I introduce him to the others, saying, “Guys, this gent set a record for penalties in his first NHL game at Maple Leaf Gardens. What was it, Jim, 38 minutes in penalties? I broadcast the game with Bill Hewitt that night on Hockey Night in Canada and I’ll never forget it. You battled all of the tough guys on the Pittsburgh Penguins, one after the other.”

He smiles. “No, it was more than 38 minutes. It was 48 minutes by the time they added up all the five minute fighting penalties, the misconducts and the game misconducts.”

“Holy shit!” someone says.

“Got your skates with you? I ask Jim. “You can play today.”

“Nah, no skates. Maybe another time. I heard you were here and I just stopped by to say hello.”

I feel honoured. He hands me a business card. Dorey and Tolgyesi Insurance Brokers, Kingston, Ontario.

Good—there’s an email address.

We chat briefly about old times and then he is gone.

I drive home thinking of Jim Dorey and how good it was to see him again. I laugh out loud recalling his rookie season and his very first game. He fought about eight Penguins that night and got tossed from the game. He told me once that he sat in the dressing room alone, nursing sore knuckles and shaking his head in disbelief, wondering what the hell he’d done, how he could be so undisciplined, convinced that Punch Imlach was going to send him so far down in the minors he’d never re-surface.

A door swung open but he wouldn’t look up. He cringed when he heard footsteps enter the room. King Clancy, then Imlach. He braced himself for a verbal barrage from Imlach. But it was Clancy who spoke first.

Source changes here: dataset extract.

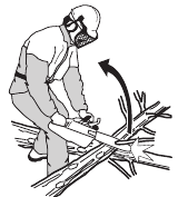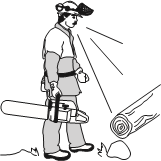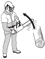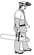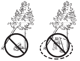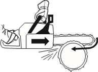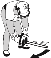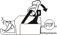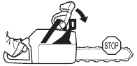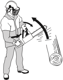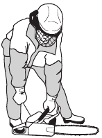 There are also certain positions in which your hand cannot reach the front hand guard to activate the chain brake; for example, when the saw chain is held in felling position.
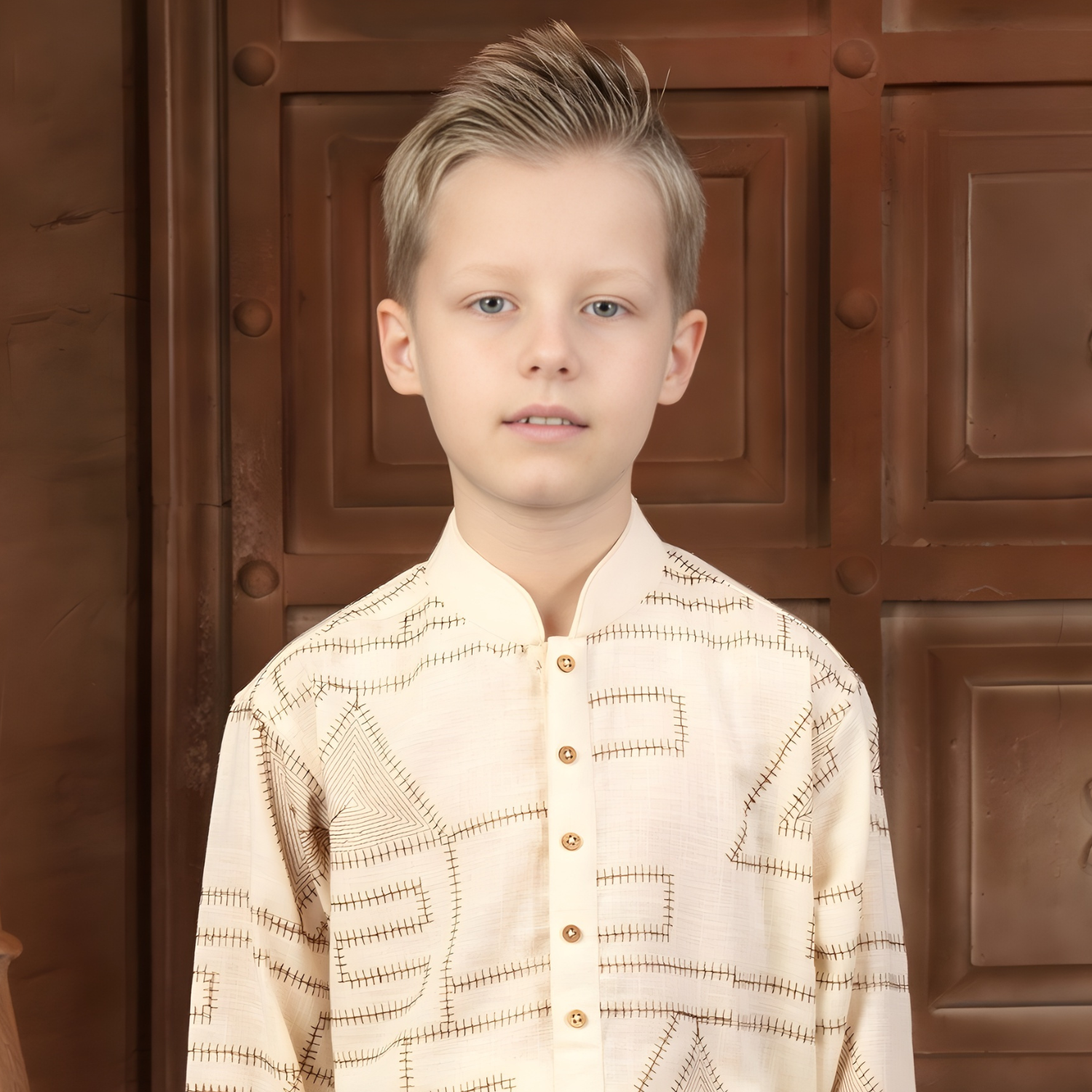 This Fawn kurta and pyjama set combines traditional elegance with contemporary styling, designed specifically for boys' festive and formal occasions.

“That’s the kind of fight we like to see,” the King cackled, slapping him on the back. “What a debut!”

“You beat the crap out of couple a Penguins,” chuckled Imlach. “Here’s a hundred bucks. Get the hell out of here before the media comes in.”

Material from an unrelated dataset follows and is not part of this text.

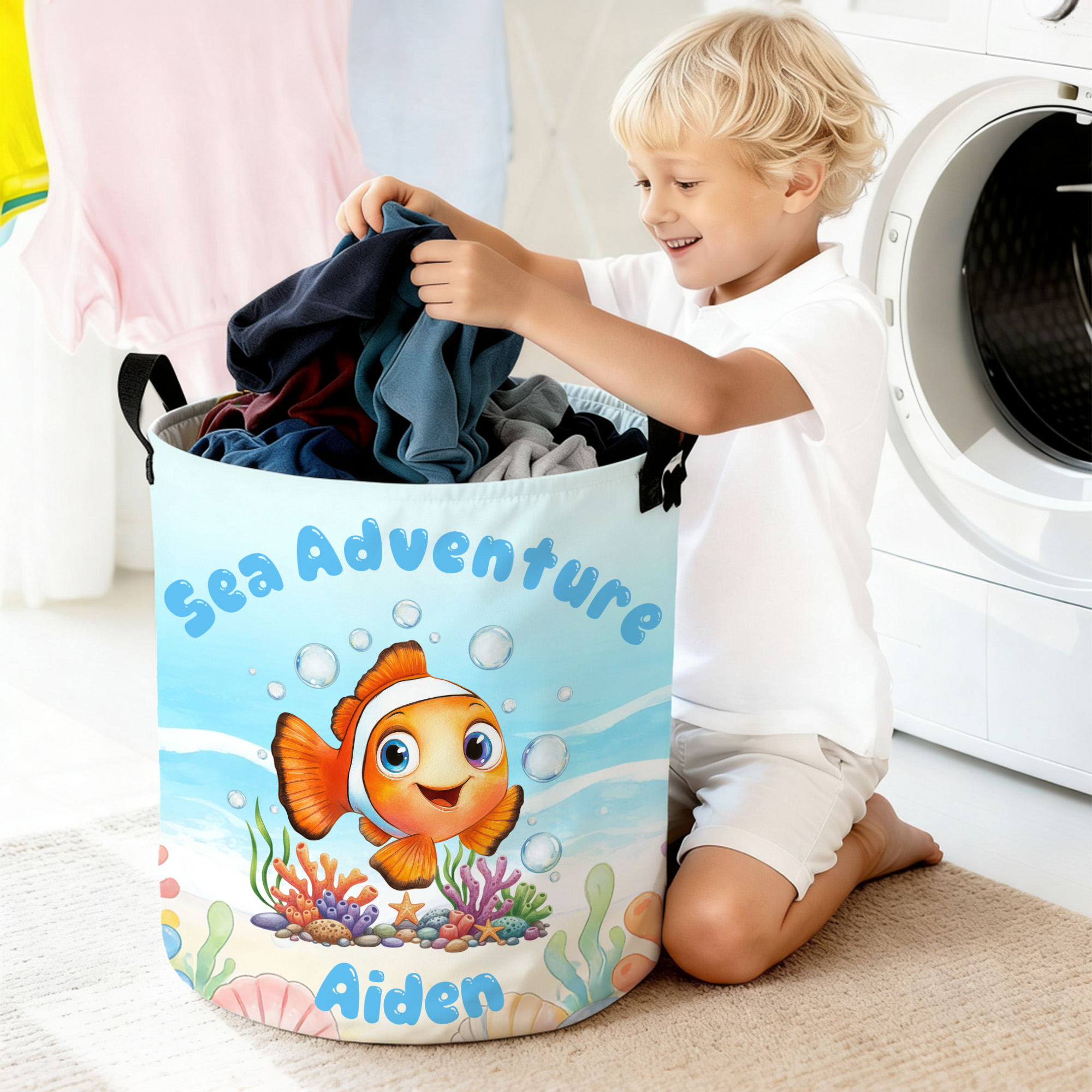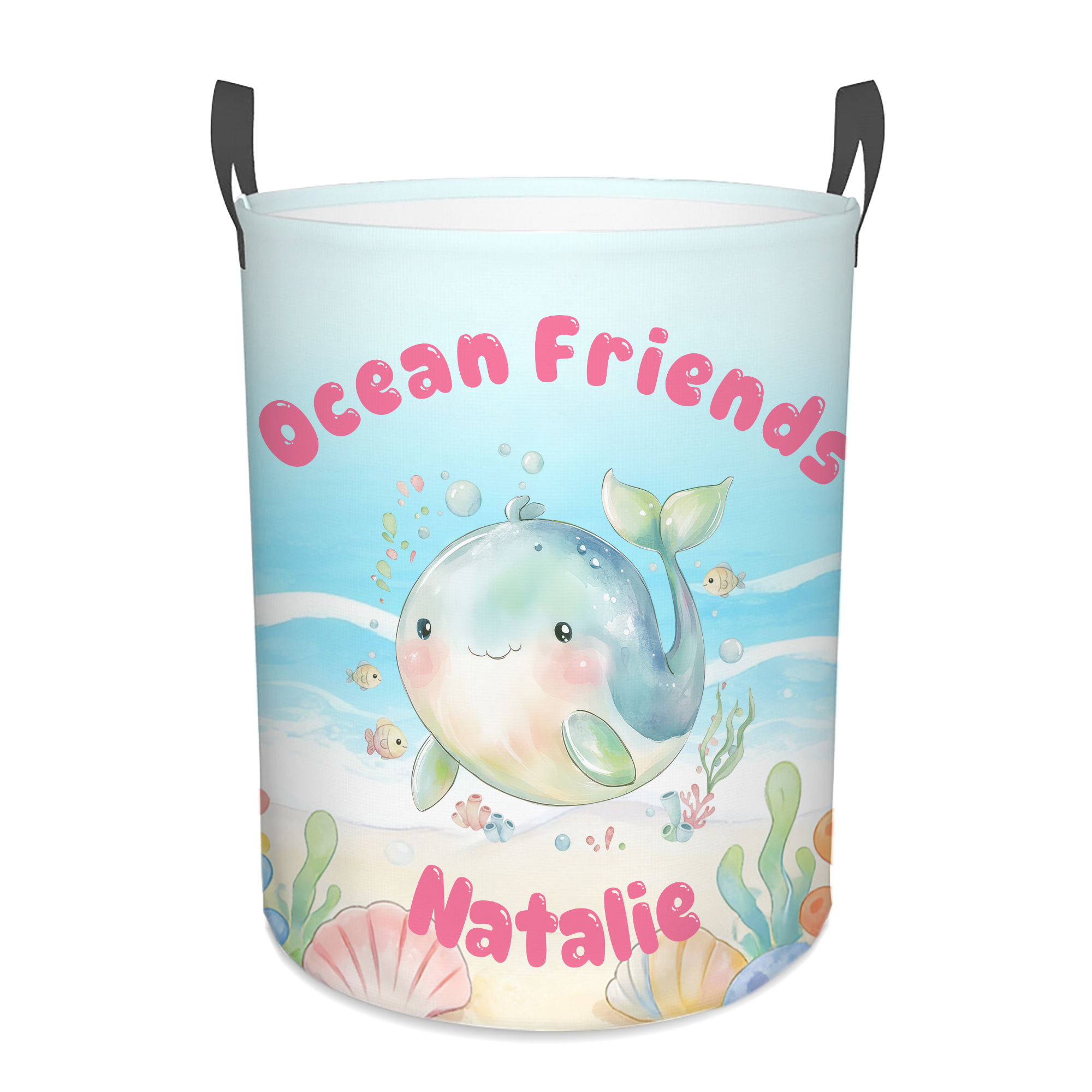 Personalized Name Cartoon Sea Animal Design Storage Basket with Handles |

He grabbed the money and ran, relieved to know he would be back to fight another day. And the day after that. He rang up 200 penalty minutes in his rookie season and became a fan favourite in Toronto.

In 1971-72, veteran defenseman Tim Horton, a former Leaf but then a Ranger, whispered in manager Emile Francis’ ear. “Get me Dorey from the Leafs. He’ll be my defense partner. You won’t regret it.”

Dorey was traded to New York for an obscure winger–Pierre Jarry, I believe–and donned the Ranger red, white and blue. But only for a game. A single game! The WHA was about to debut and Dorey was offered a bundle to jump leagues. He deserted New York and joined the New England Whalers, more than doubling his Rangers salary. In leaving, he did his former Ranger teammates a huge service, especially the famous GAG (Goal a Game) Line of Rod Gilbert, Vic Hadfield and Jean Ratelle. And defenemasn Brad Park, of course. Ranger management feared the team’s best players would follow Dorey’s lead and jump leagues. Francis simply couldn’t afford to loose the GAG Line and Park. When Dorey bolted, their salaries jumped more than 100 per cent, moving from less than one hundred thousand a year to two hundred and fifty thousand. All the other Rangers got salary hikes.

Thanks Jim, they must have said. Your stay in Gotham made us all wealthy.

I’ll save some of my favourite Jim Dorey stories for another day.

Next week I’m arranging a hockey luncheon in Naples featuring a select few: Ted Lindsay, John (Goose) MacCormack, a former Leaf and Hab will be there. Both are 84. Minor league scoring star Len Thornson (500 career goals with Fort Wayne) and one or two others are committed. Bill Christian, star of the 1960 U.S Olympic Team, gold medal winners at Squaw Valley sent his regrets. He’ll be back in his home state of Minnesota that day for a hockey function. Dorey says he may be able to join us. What a bonus that will be.